I motioned to simply toss it in my garbage, but I stopped myself. I’ve had two distinct instances in the last month where I’ve put discarded lunch containers with simply the smell of food that has kept me nauseated through the afternoon, so I was instantly fearful for what might await me after lunch with this little surprise. I left my cube and walked back toward the hallway sink where I had found the paper towels. That’s when I made my third detailed observation, this time olfactory. Yes. This was excrement of some sort. I felt that if it was from a rat, we had nothing to worry about because that rat couldn’t be in the best of health. But thinking of it being human in origin was confounding. I threw it away underneath the sink by the coffee maker. I wonder if I ruined anybody’s coffee experience that morning. (I’m really cracking up right now thinking about it)

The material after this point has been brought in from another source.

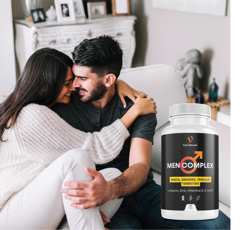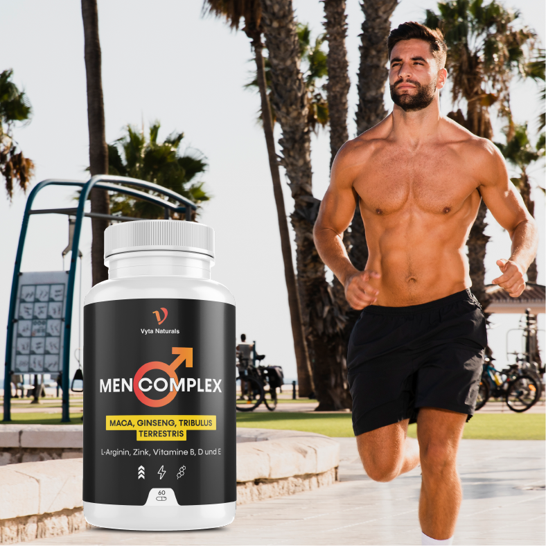 Möchtest du dich energiegeladener fühlen und bessere Leistungen bringen – im Fitnessstudio und darüber hinaus? Vyta Naturals Men Complex ist für Männer entwickelt, die ihre Energie hoch und ihre Leistung stark halten wollen. Mit natürlichen Inhaltsstoffen wie Maca, Tribulus Terrestris, rotem Ginseng und L-Arginin gibt es dir den zusätzlichen Schub, um harte Workouts zu meistern und dein Selbstvertrauen in den Momenten, die am meisten zählen, zu bewahren – ob du im Fitnessstudio alles gibst oder dich bei deinem Partner von deiner besten Seite zeigst. Diese Formel unterstützt auch normale Testosteronspiegel, was dir hilft, deine Kraft, Ausdauer und Vitalität zu erhalten.

So when I returned and sat down amid the bustle of rational theories to find out where this uninvited guest came from. There were the standard giant (but invisible) rat theories and dog poop on the shoe theories, but they seemed insufficient for the circumstances and the observations (that I alone could make). Then one of the ladies from the title department began talking to me in a low voice, and it took me a while to understand her. She was pointing out that one woman, somewhat older, had colon cancer recently and was known to vociferously complain about her colostomy bag. The only deduction that is set against that thought is that the woman in question would normally not go past this part of the office. However, it is still, in my mind, the leading theory.
But it illustrates my original point, maybe better elaborated here: If someone had put a new file cabinet, or a box of paper, or quite a large number of other things out in the open, just as new, none of us would have ever noticed or questioned their origins. Instead, a tiny brown blob of matter that we see in some way daily in another setting ignites a flood of theories, but very little action except on my part to truly know, and also get rid, of this foreigner. I still don’t know where that little lump of poop came from, and I could spend the rest of my life trying to track down its origin without any success. Instead, I’m going to finish writing about it, and likely forget about it soon enough. There are a good many questions that pass beyond our horizon of perceptibility…but are any of them different from the question of where this shit came from?